Provided material:
-=-=-=-=-
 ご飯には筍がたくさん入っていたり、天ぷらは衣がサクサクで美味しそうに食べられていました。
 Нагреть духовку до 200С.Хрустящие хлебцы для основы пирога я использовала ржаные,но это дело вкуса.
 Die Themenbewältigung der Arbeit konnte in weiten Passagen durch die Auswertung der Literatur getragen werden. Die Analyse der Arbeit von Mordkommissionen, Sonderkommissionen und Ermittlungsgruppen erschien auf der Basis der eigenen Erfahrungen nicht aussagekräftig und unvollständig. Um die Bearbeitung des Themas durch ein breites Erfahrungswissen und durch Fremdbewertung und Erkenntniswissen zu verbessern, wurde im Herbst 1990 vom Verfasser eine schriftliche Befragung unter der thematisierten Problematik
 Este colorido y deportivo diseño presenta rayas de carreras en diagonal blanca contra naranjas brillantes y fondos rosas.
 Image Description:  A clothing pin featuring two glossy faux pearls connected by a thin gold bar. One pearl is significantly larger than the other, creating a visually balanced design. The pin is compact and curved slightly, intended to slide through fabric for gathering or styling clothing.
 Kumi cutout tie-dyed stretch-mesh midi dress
-=-=-=-=-
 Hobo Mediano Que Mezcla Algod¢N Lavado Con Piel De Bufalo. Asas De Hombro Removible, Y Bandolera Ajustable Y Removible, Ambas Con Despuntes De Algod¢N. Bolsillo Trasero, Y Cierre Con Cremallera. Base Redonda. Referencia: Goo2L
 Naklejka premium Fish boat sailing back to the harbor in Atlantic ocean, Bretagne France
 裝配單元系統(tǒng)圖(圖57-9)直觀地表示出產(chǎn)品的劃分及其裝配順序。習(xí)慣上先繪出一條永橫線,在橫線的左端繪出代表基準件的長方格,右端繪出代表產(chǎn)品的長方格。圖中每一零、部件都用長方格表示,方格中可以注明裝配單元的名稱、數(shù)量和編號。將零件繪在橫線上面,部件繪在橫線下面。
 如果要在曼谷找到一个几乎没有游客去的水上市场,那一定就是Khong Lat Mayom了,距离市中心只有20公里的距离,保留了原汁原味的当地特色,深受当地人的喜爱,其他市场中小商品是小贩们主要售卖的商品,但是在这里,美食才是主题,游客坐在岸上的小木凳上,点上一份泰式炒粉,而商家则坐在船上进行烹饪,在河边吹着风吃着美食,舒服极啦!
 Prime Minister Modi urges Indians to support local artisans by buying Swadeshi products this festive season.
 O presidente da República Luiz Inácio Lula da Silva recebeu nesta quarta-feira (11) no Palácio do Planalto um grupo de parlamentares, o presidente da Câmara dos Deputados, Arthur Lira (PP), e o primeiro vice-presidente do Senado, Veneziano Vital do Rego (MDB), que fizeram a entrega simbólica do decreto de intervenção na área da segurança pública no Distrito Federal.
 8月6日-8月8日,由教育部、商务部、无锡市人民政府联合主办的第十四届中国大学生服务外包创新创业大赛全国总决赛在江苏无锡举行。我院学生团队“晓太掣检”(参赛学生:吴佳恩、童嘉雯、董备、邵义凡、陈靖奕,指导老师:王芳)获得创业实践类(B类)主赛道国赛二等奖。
-=-=-=-=-
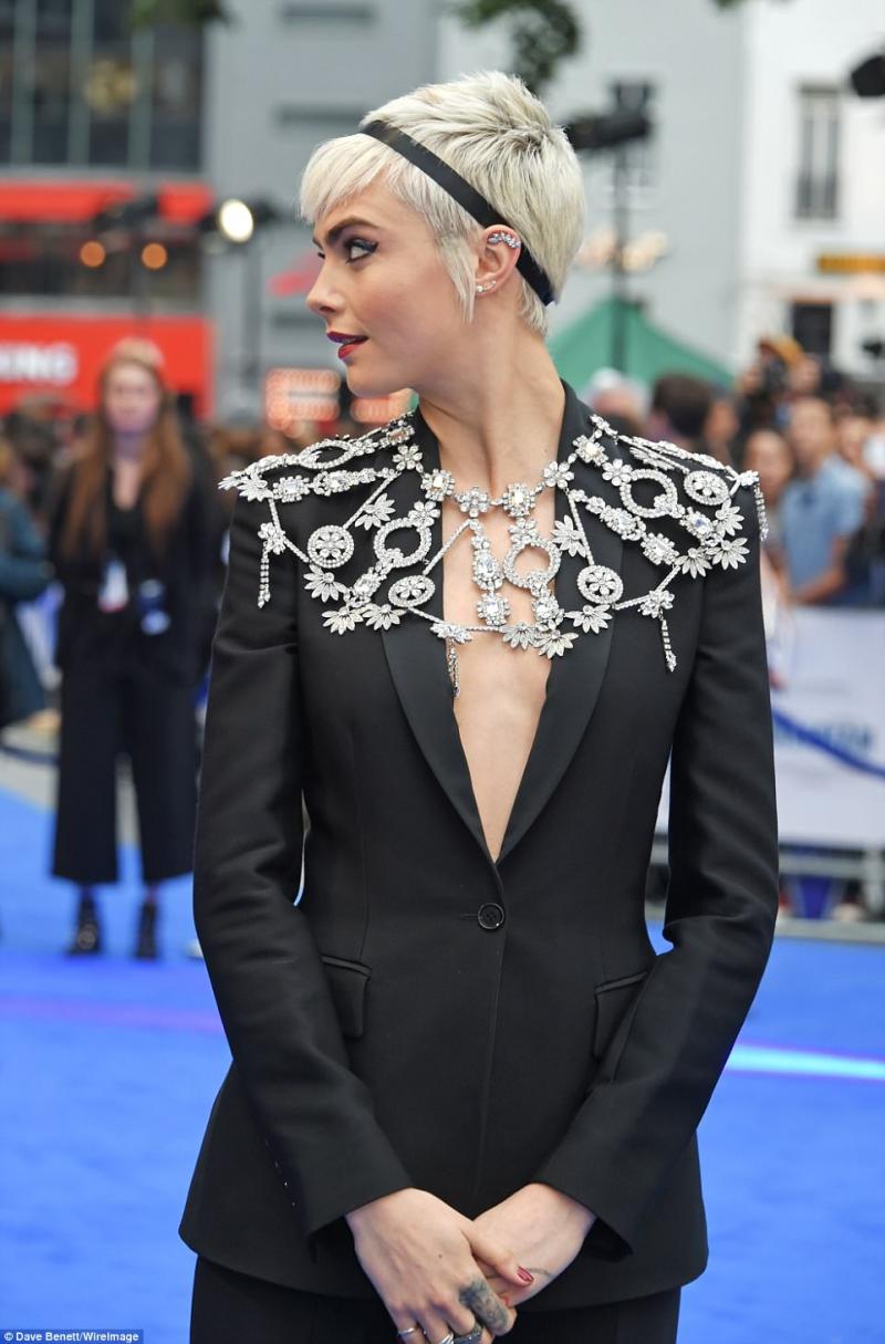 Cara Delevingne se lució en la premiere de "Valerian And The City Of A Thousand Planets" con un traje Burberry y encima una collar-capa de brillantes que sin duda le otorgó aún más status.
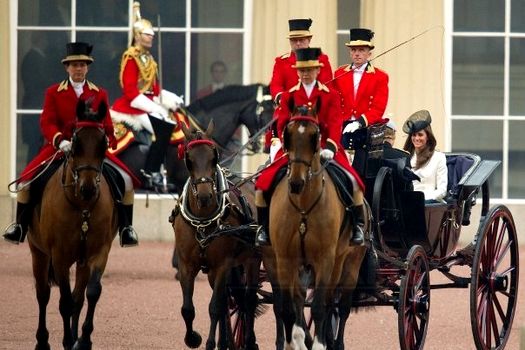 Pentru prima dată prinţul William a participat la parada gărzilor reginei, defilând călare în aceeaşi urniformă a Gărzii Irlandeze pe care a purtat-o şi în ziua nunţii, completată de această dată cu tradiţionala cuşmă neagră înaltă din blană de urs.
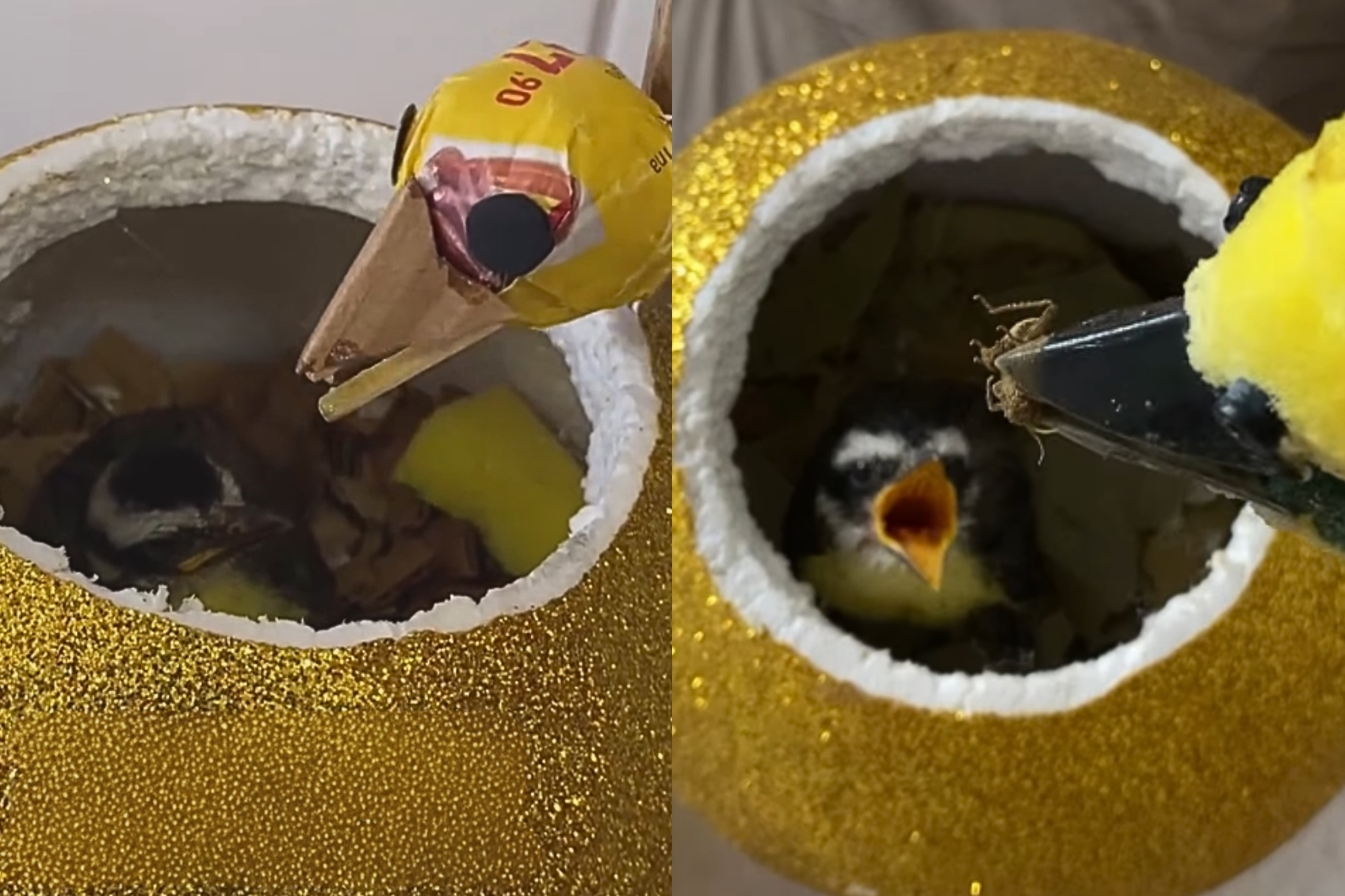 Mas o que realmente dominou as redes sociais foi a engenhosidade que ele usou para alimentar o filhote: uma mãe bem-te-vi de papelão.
-=-=-=-=-
Problem statement:
From the records above, quote only the lines running from the line with "Image Description:  A" to the line with "Kumi cutout tie-dyed stretch-mesh midi dress", both lines included.

Solution to the exercise:
 Image Description:  A clothing pin featuring two glossy faux pearls connected by a thin gold bar. One pearl is significantly larger than the other, creating a visually balanced design. The pin is compact and curved slightly, intended to slide through fabric for gathering or styling clothing.
 Kumi cutout tie-dyed stretch-mesh midi dress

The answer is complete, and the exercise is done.